クックは、大半の人が「ちょっと風変わりな思いつき」という印象をラン通勤に対して持っていることを認めます。でも、一度ラン通勤の実際について聞くと、多くの人はそれが混雑した地下鉄を利用した通勤よりも魅力的だと気づき始めます。その意義を実感する人が増える中で、クックは将来的にラン通勤が移動手段の主要な選択肢の一つとなっていく可能性もあると考えています。

「ラン通勤が急速に広まってきた欧米では、移動のためというよりもスポーツや健康目的の取り組みと見なされている傾向があります」とクックは言います。

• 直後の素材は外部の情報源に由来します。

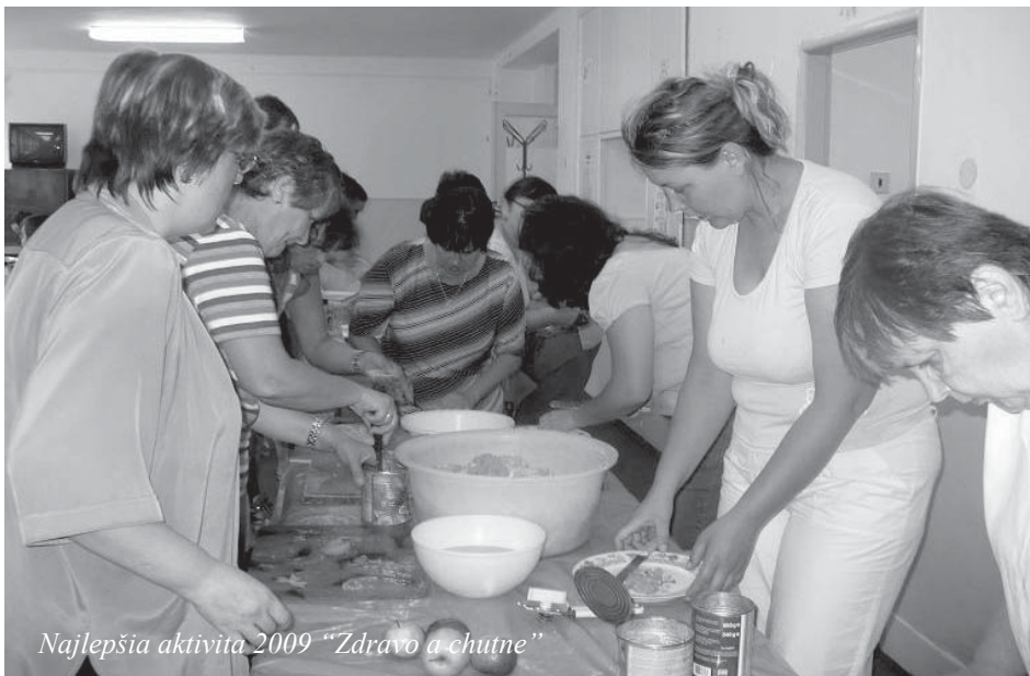
Najlepšia aktivita 2009 "Zdravo a chutne"

- Realizujeme projekt Chránené dielne z prostriedkov EÚ a štátneho rozpočtu podporený ÚPSVaR. Je zameraný na tri chránené pracoviská. Náplňou projektu je administratívna činnosť združenia, sprostredkovanie osobnej asistencie pre jednu našu členku, pričom každý mesiac spracúvame i administratívne záležitosti ohľadne tejto služby.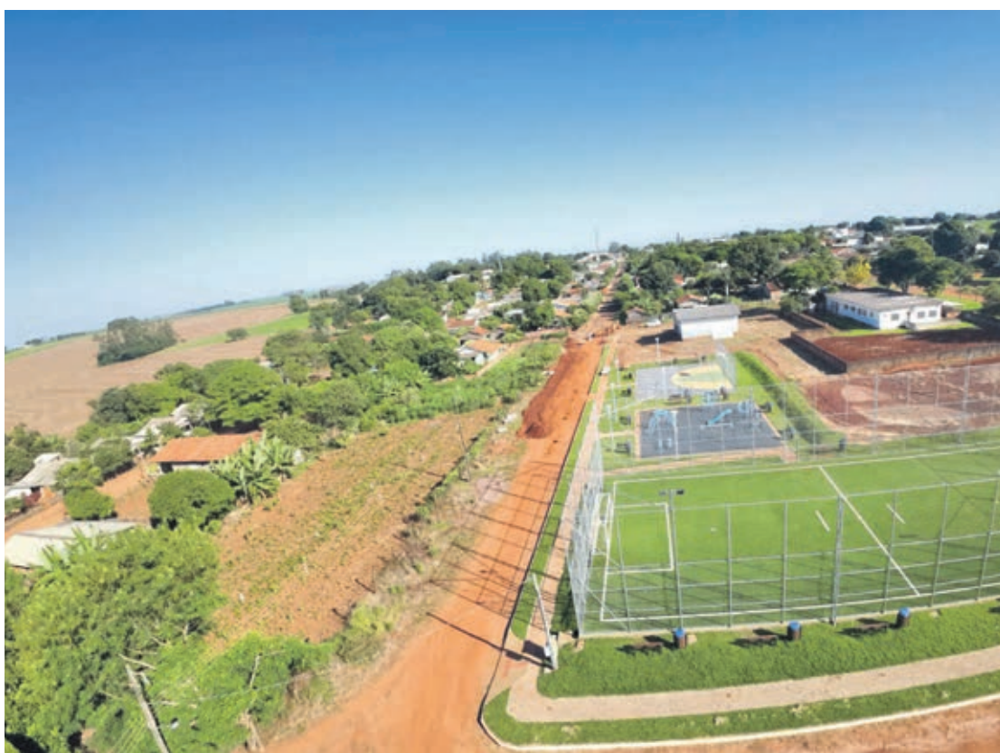
Praça Meu Campinho em Saltinho do Oeste e Mirante do Piquiri.

ラン通勤をする人が多いのは、交通渋滞が起こりやすく、シャワーやロッカーを提供できる大規模な職場が集中する大都市です。「職場という存在は、ラン通勤の普及に非常に大きな役割を果たしています」とクックは指摘します。

毎月の第1木曜日には、ランナーたちがTwitterのハッシュタグ#run2workdayでラン通勤を推進するのと同時に、ラン通勤を優遇する税控除を求める活動をしています。ちなみに、クック自身も熱心なランナーですが、在宅勤務のため、通勤に取り入れる必要性は生じていないそうです。